X-axis -> Read depth (number of reads supporting a junction).
Y-axis -> Number of detected splice junctions.
Curve shape:
- If the curve plateaus -> You have sufficient sequencing depth; additional reads won’t improve junction detection.
- If the curve keeps increasing -> More sequencing might still reveal new junctions.

Class Exercise #3: junction_saturation.py

Within the RSeQC_exercise/IKD1_RSeQC folder run junction_saturation.py on Irrel_kd_1.subset_sorted.bam.
Use IKD1-output as the output_prefix
Do not generate a .txt file for this step

Splice Junction Annotation

Purpose: Identifies and annotates splice junctions by comparing detected junctions to known junctions in a reference genome annotation (GTF/GFF)

Why use it?:

Validates detected splice sites against known annotations
Detects novel splice junctions, which may indicate alternative splicing or sequencing errors
Identifies unexpected splicing patterns

Basic Usage:

junction_annotation.py -i input.bam -o output -r reference.bed

-i input.bam -> specifies the sorted BAM file with aligned RNA-Seq reads
-r reference.bed -> specifies the BED file containing gene annotation (in BED12 format)
-o output_prefix -> prefix of output files

Expected Output:

A summary of detected splice junctions, categorized into:
- Known (found in the reference)
- Novel (newly identified)
- Unannotated (potential mapping issues)

Interpretation:

A high fraction of novel junctions may suggest alternative splicing events.
Too many unannotated junctions may indicate alignment problems.

Class Exercise #4: junction_annotation.py

Within the RSeQC_exercise/IKD1_RSeQC folder run junction_annotation.py on Irrel_kd_1.subset_sorted.bam.
Use IKD1-output as the output_prefix
Be sure to redirect the final output to Irrel_kd_1.subset_janno.txt. You will need this file for our final step.
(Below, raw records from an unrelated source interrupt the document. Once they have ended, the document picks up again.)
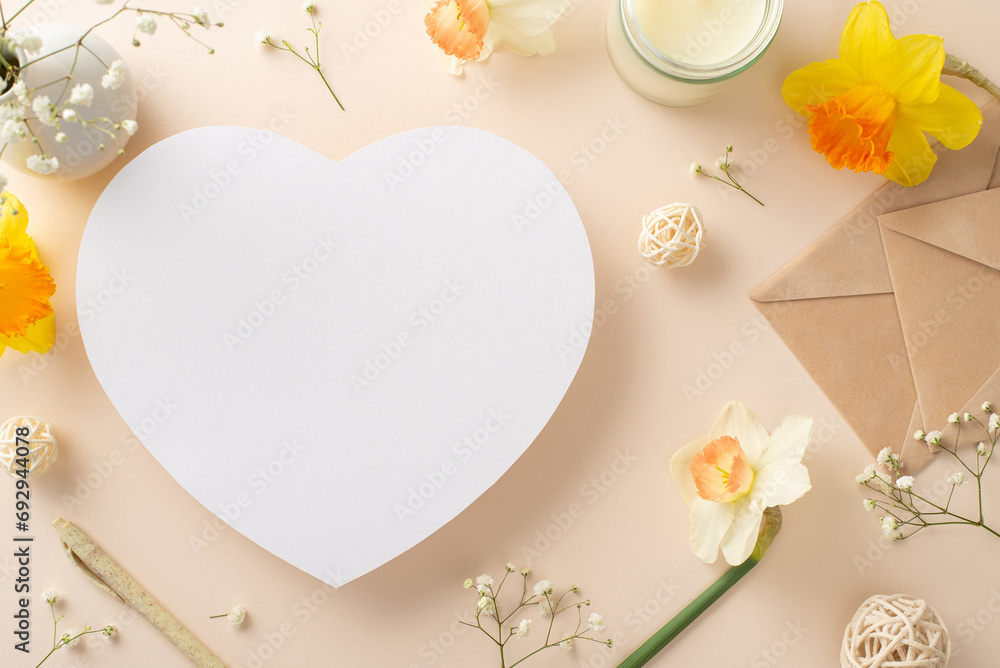 Share the joy of spring festivities with daffodils and gypsophila. From above, observe flower branches and envelope on beige isolated background with empty heart frame ideal for adverts or text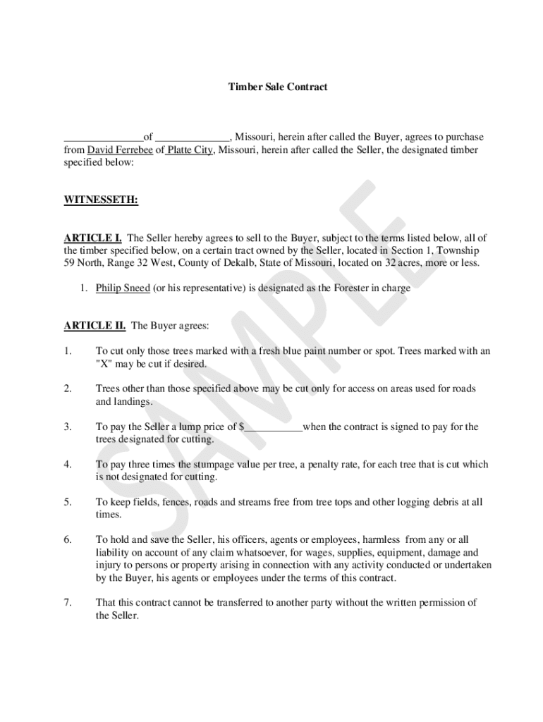 Timber Sale Contract of, Missouri, herein after called the Buyer, agrees to purchase from David Ferreted of Platte City, Missouri, herein after called the Seller, the designated timber specified below:WITNESSED:ARTICLE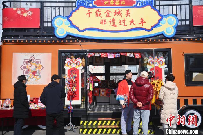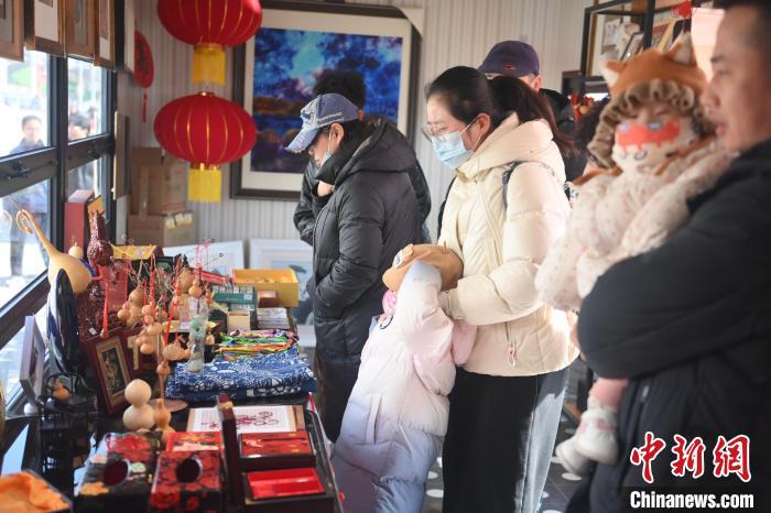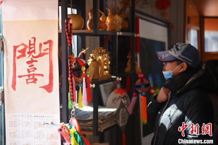 2月8日,甘肅省蘭州市城關區(qū)“非遺年貨購物月”活動現(xiàn)場,游人選購非遺文創(chuàng)產品。中新社記者 李亞龍 攝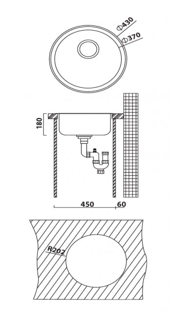 כיור מטבח אולין משיגן עגול מנירוסטה איכותית במידות 43X43 ס"מ. עיצוב קומפקטי ומודרני המתאים למטבחים קטנים ומעניק פתרון פרקטי ואלגנטי.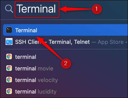 اسپاٹ لائٹ تلاش بار ظاہر ہو جائے گا. ٹائپ کریں "ٹرمینل،" اور پھر واپسی کی کلید دبائیں یا تلاش کے نتائج میں "ٹرمینل" پر کلک کریں.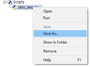 From the Script context menu in the workspace tree, select Save to save the present file, or Save As... to save the file under a new name.
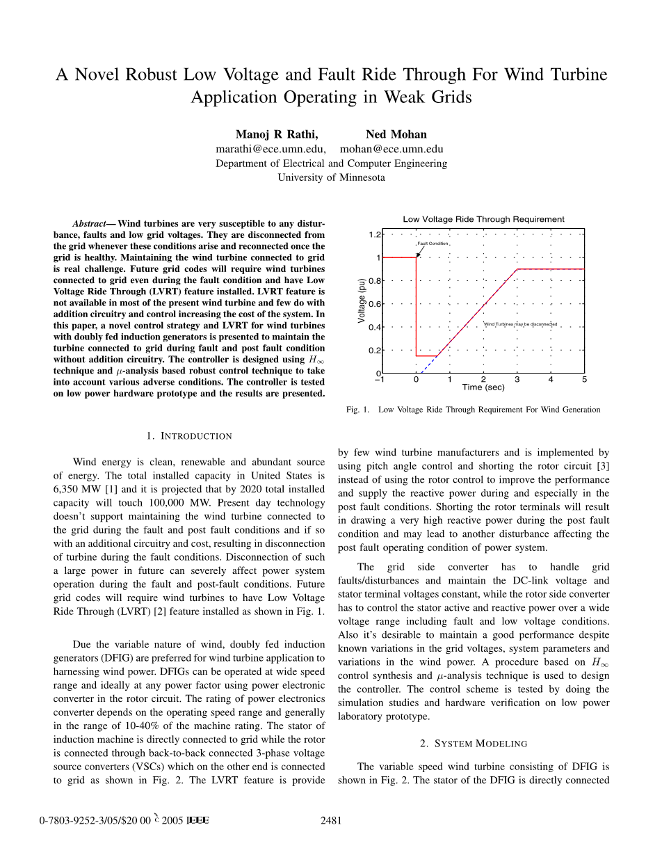 原文标题 A Novel Robust Low Voltage and Fault Ride Through For Wind Turbine Application Operating in Weak Grid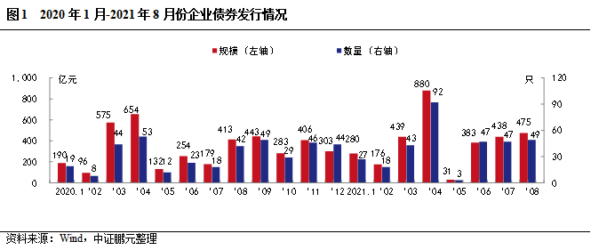2021年8月,企業債券發行49只,發行規模475.10億元,與上年同期相比分別增長16.7%和15.0%;與上月相比,發行數量環比增長4.3%,發行規模環比增長8.5%。2021年1-8月份,企業債券累計發行326只,發行規模475.10億元,較上年同期分別增長48.9%和24.4%。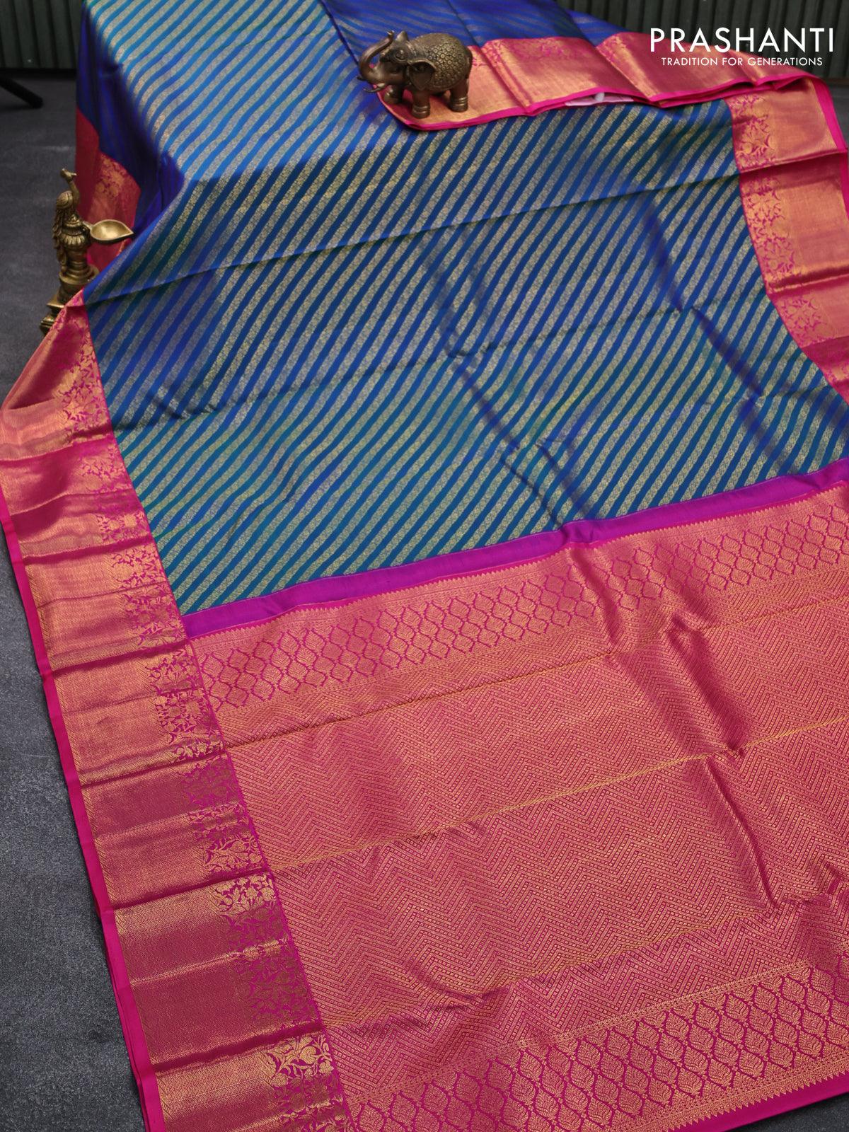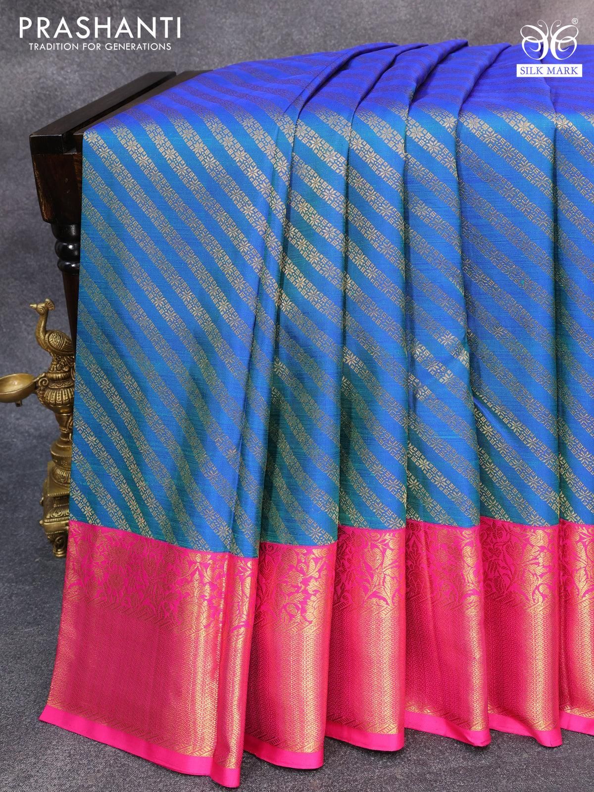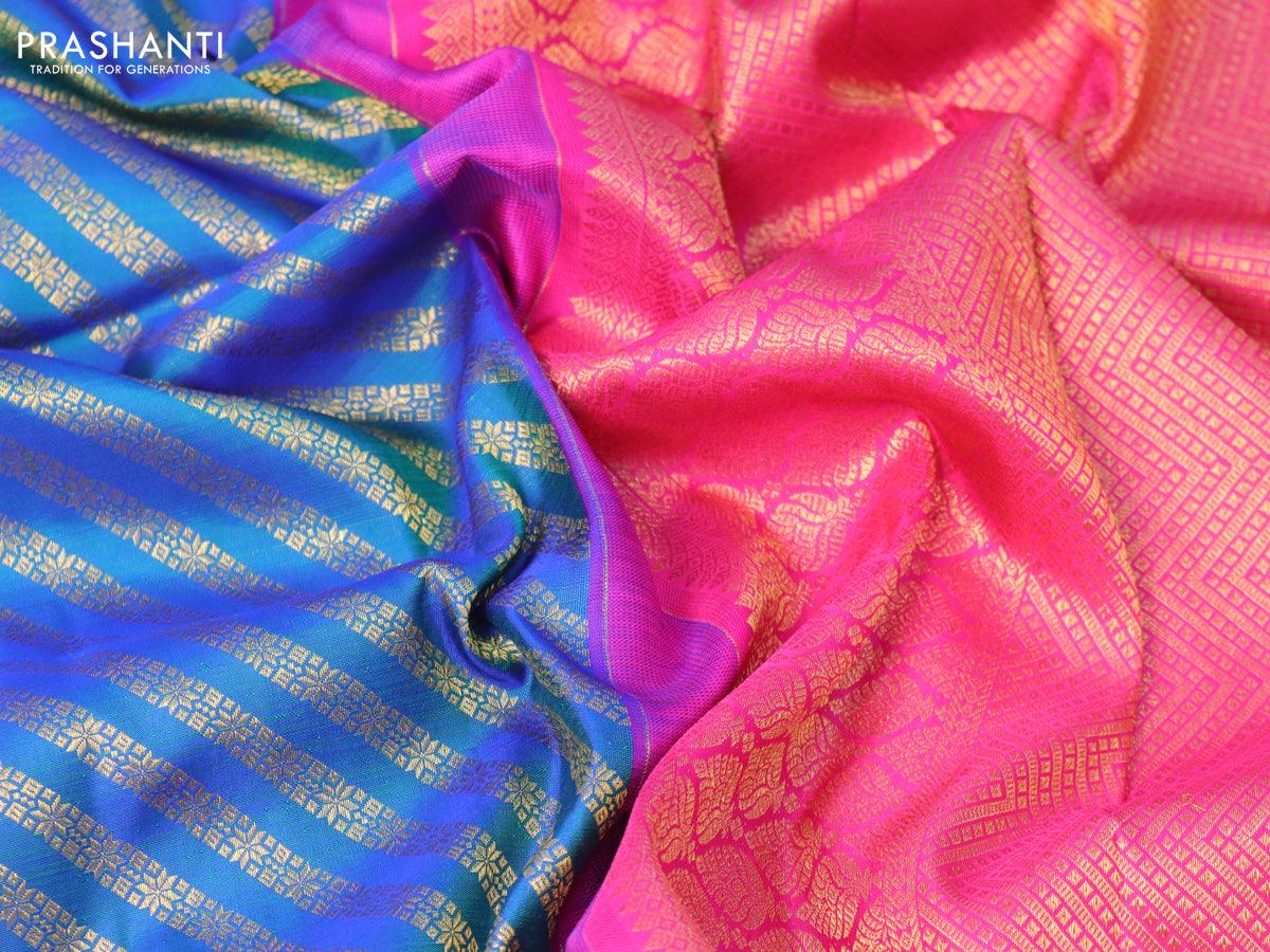 Pure kanjivaram silk saree dual shade of bluish green and pink with allover zari weaves and rich floral zari woven border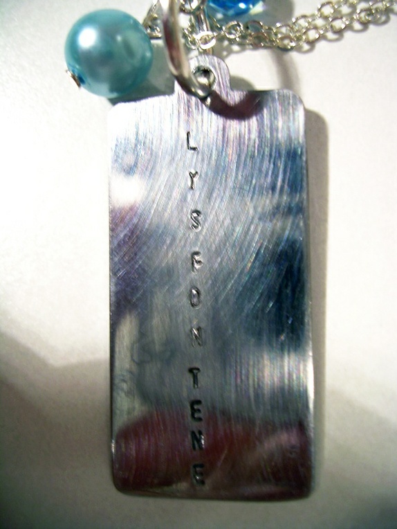 Søkeord: tag, dogtag, blå, sølv, ord, tekst, skrift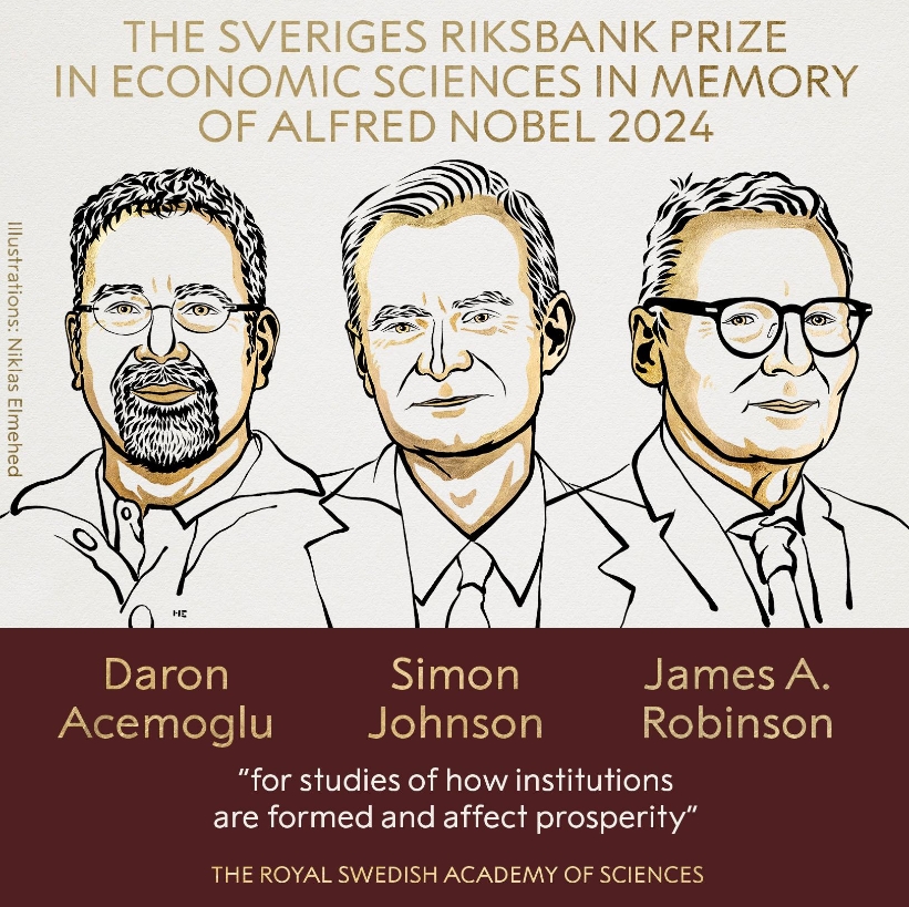 Нобелевская премия по экономике за изучение влияния общественных институтов на развитие стран присуждена Дарону Аджемоглу, Саймону Джонсону и Джеймсу Робинсону.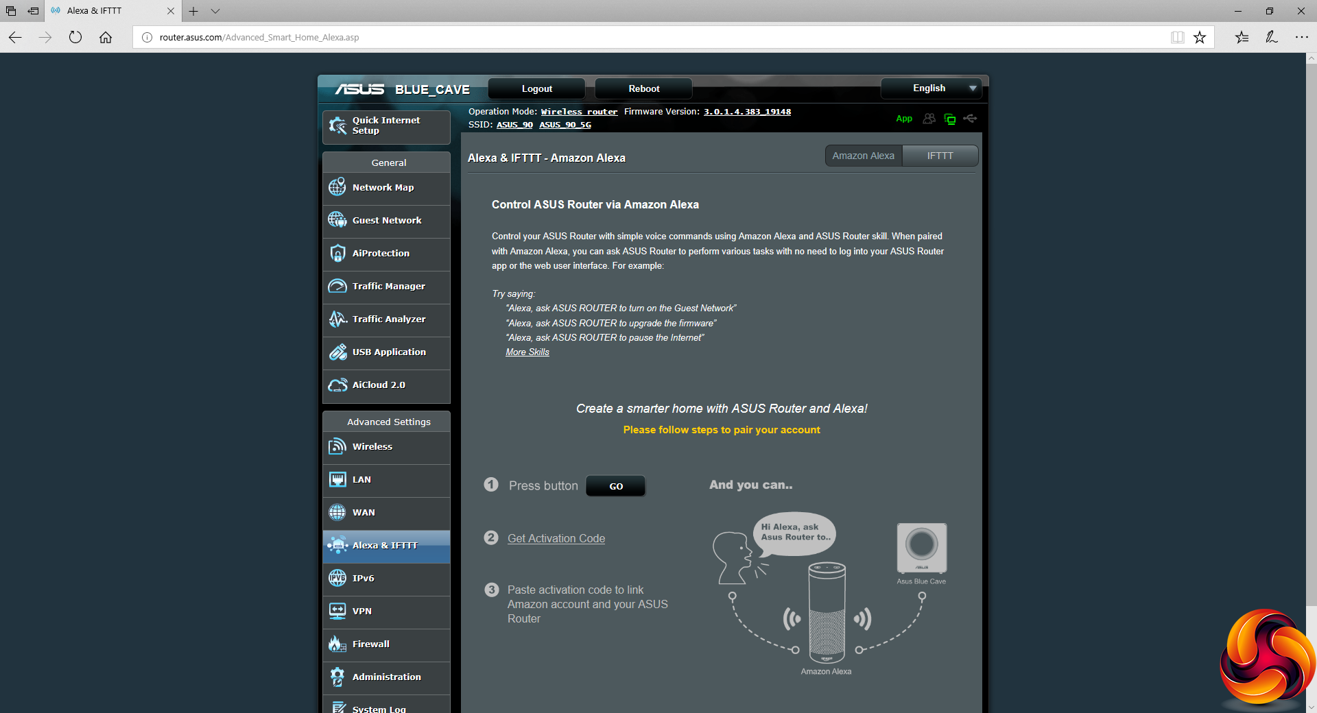 Now we get to the promised smart home features. There are currently 11 Alexa commands the ASUS router will respond to, including things like turning on the Guest Network. You can also set up If This Then That (IFTTT) rules, such as sending an email when a particular user's computer is detected on the network.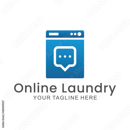 laundry logo in shades of blue and white, with bubbles for washing clothes, simple logo, creative logo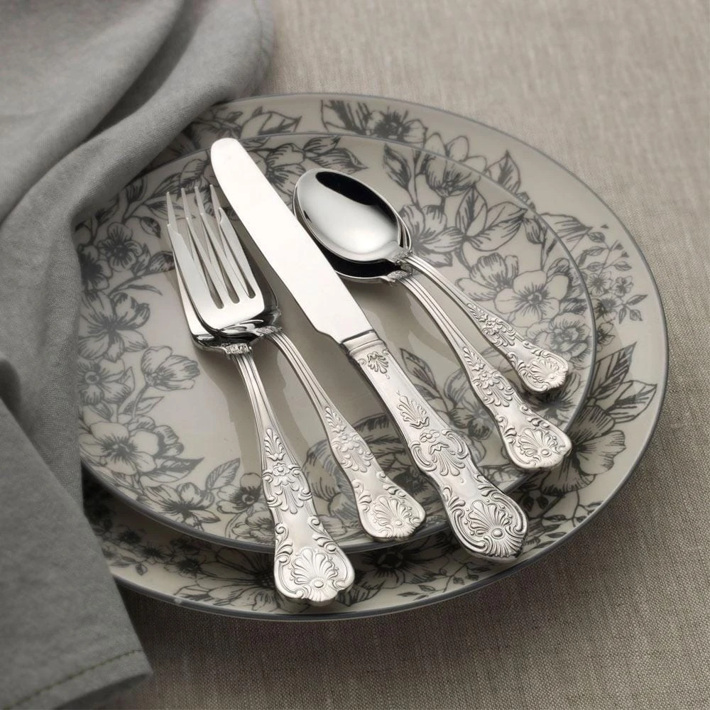 Wallace Queens 65 Piece Flatware Set is constructed of superior quality 18/10 stainless steel, meeting our most demanding standards for strength and durability. This beautiful collection features an intricately detailed design with shells, foliate scrolls and flowers, adding an elegant touch to your table setting. 65 piece set, service for twelve, includes (12) each: dinner fork, salad fork, dinner knife, dinner spoon and teaspoon, PLUS (1) each: tablespoon, pierced tablespoon, cold meat fork, butter knife and sugar spoon. Dishwasher safe.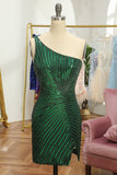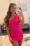 Glitter Orange One Shoulder Beaded Tight Homecoming Dress

Read Distribution Across Genomic Features (Class Exercise #5)

Purpose: Analyzes how reads are distributed across different genomic features (e.g., exons, introns, UTRs, intergenic regions).

Why use it?:

Ensures the expected proportion of reads falls within exons for RNA-Seq experiments

Basic Usage:

read_distribution.py -i input.bam -r ref.bed

-i input.bam -> specifies the sorted BAM file with aligned RNA-Seq reads
-r reference.bed -> specifies the BED file containing gene annotation (in BED12 format)

Expected Output:

The fraction of reads mapping to different genomic regions, including:
- Exons
- Introns
- Intergenic regions
- 5' and 3' UTRs

Interpretation:

For RNA-Seq, most reads (>70%) should align to exons.
A high proportion of intronic reads (>30%) may indicate rRNA contamination or unprocessed RNA.

Class Exercise #5: read_distribution.py

Within the RSeQC_exercise/IKD1_RSeQC folder run read_distribution.py on Irrel_kd_1.subset_sorted.bam.
Be sure to redirect the final output to Irrel_kd_1.subset_read.txt You will need this file for our final step.

Final Step: Run MultiQC

Navigate to top RSeQC_exercise folder. Make sure you are not in any of the subdirectories folders.
Load py-multiqc/1.15-fmpaaj7
Run multiqc. Be sure to name the output file RSeQC_stats-multiqc
Take a look at the generated HTML file.